:: Activity ::
Once the pictures are set aside, copy the data below exactly as it stands.

==== Data segment

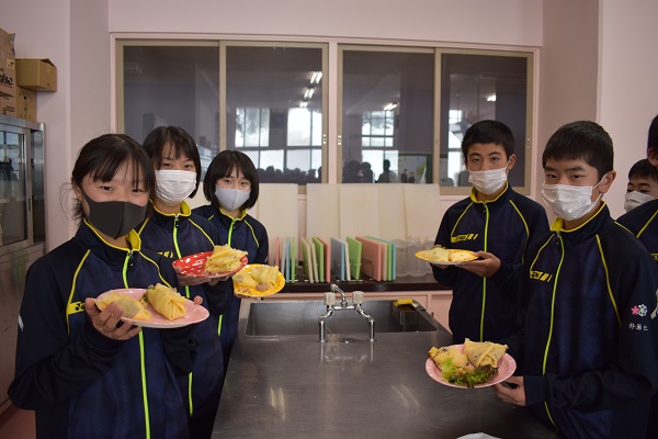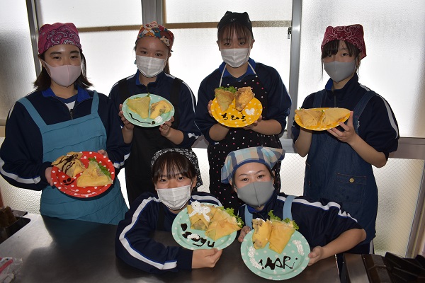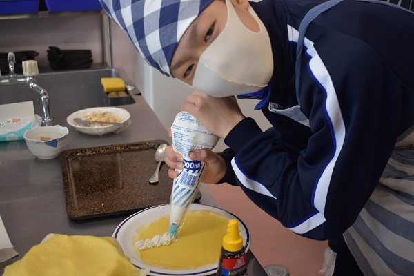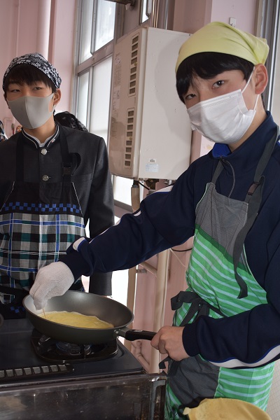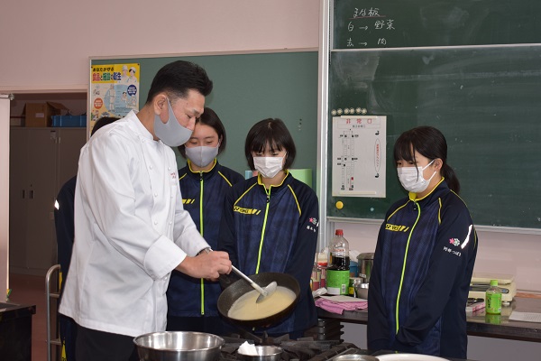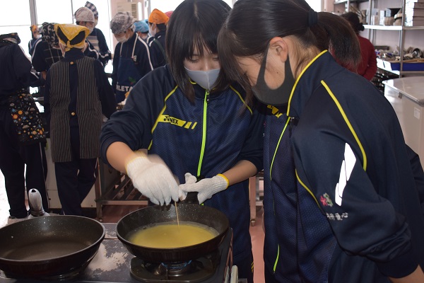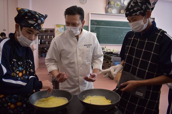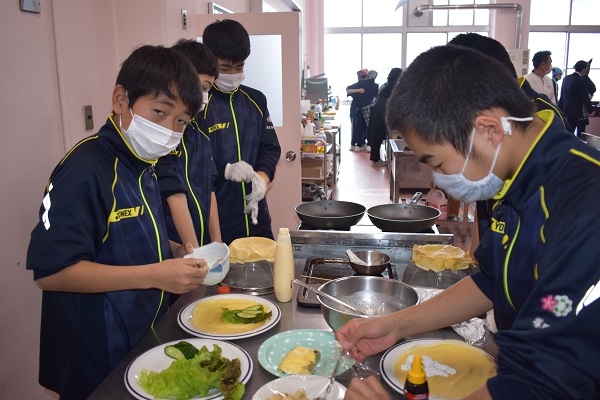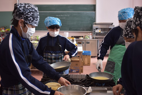 高校調理科の外川先生、有馬先生、梅田先生のご指導のもと、班ごとにクレープづくりに挑戦しました!
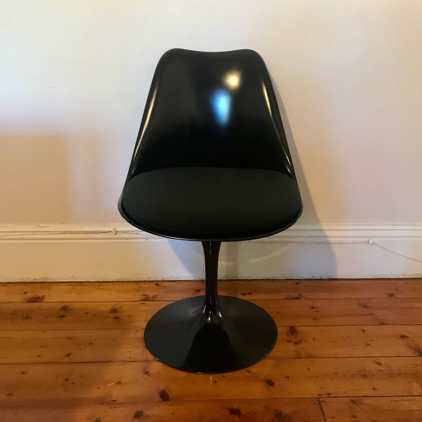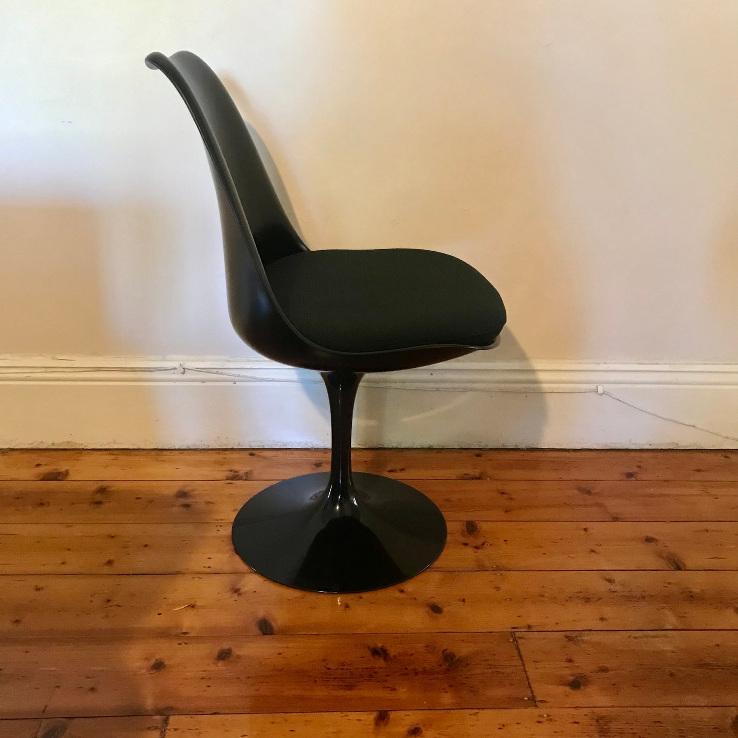 With the Pedestal Collection, Eero Saarinen resolved the "ugly, confusing, unrestful world" underneath tables and chairs. The collection is a defining accomplishment of modern design and a timeless addition to your home—a true classic. Pair Tulip Chairs with a Saarinen Table for the quintessential modern dining set, or mix and match for a statement in any room. The chairs we have on offer are in black with a Knoll common ground black fabric seat pad.
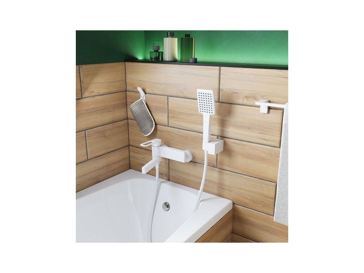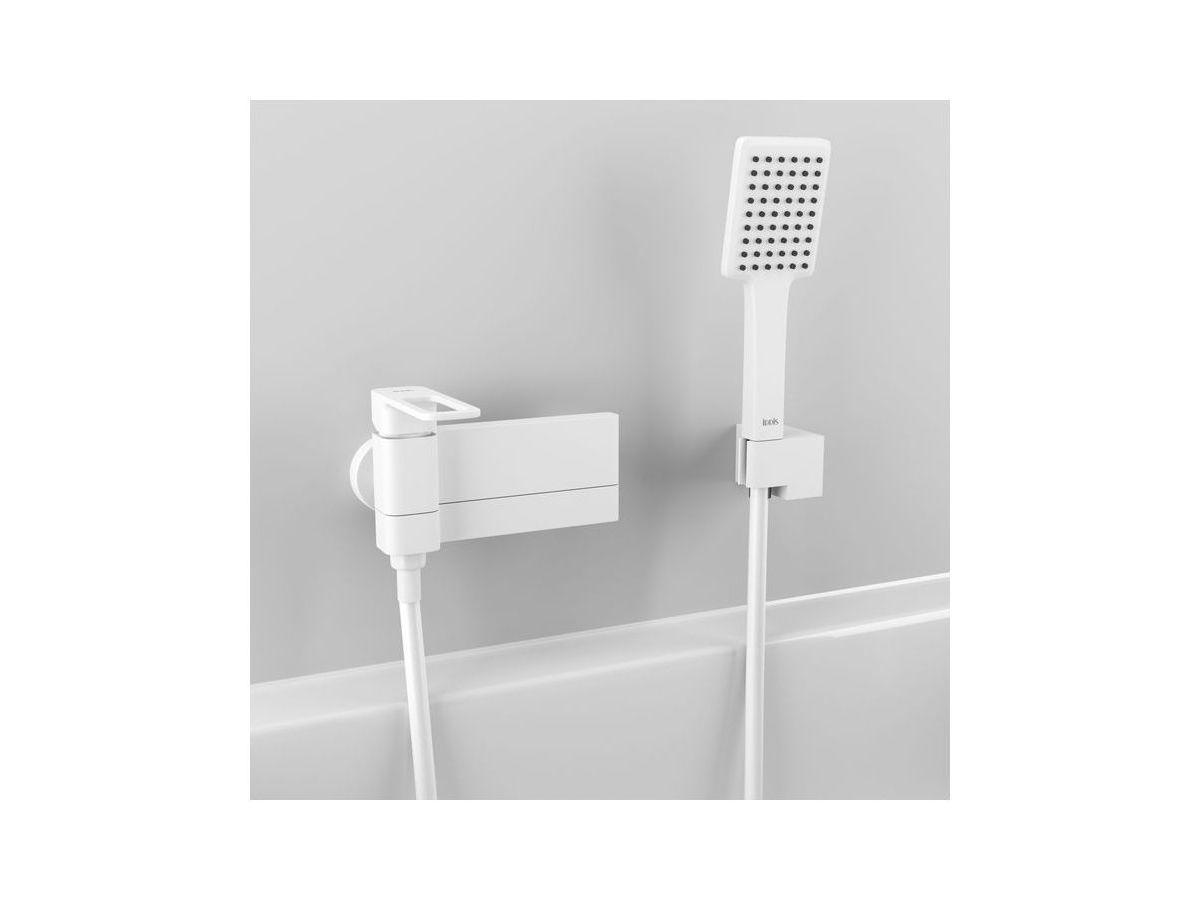 Смеситель для ванны Slide в актуальном матовом белом цвете со складным изливом — стильное функциональное решение без лишних деталей, подойдет и для ванны, и для душевой кабины. Отверстие-петля на ручке выполняет декоративную и при этом практичную роль — ее легко захватить даже намыленной рукой и отрегулировать напор или температуру. В комплекте душевые аксессуары в тон смесителю — прямоугольная лейка, гладкий шланг из ПВХ с защитой от перекручивания и держатель для лейки.

========

:: Result of the task ::
 高校調理科の外川先生、有馬先生、梅田先生のご指導のもと、班ごとにクレープづくりに挑戦しました!
 With the Pedestal Collection, Eero Saarinen resolved the "ugly, confusing, unrestful world" underneath tables and chairs. The collection is a defining accomplishment of modern design and a timeless addition to your home—a true classic. Pair Tulip Chairs with a Saarinen Table for the quintessential modern dining set, or mix and match for a statement in any room. The chairs we have on offer are in black with a Knoll common ground black fabric seat pad.
 Смеситель для ванны Slide в актуальном матовом белом цвете со складным изливом — стильное функциональное решение без лишних деталей, подойдет и для ванны, и для душевой кабины. Отверстие-петля на ручке выполняет декоративную и при этом практичную роль — ее легко захватить даже намыленной рукой и отрегулировать напор или температуру. В комплекте душевые аксессуары в тон смесителю — прямоугольная лейка, гладкий шланг из ПВХ с защитой от перекручивания и держатель для лейки.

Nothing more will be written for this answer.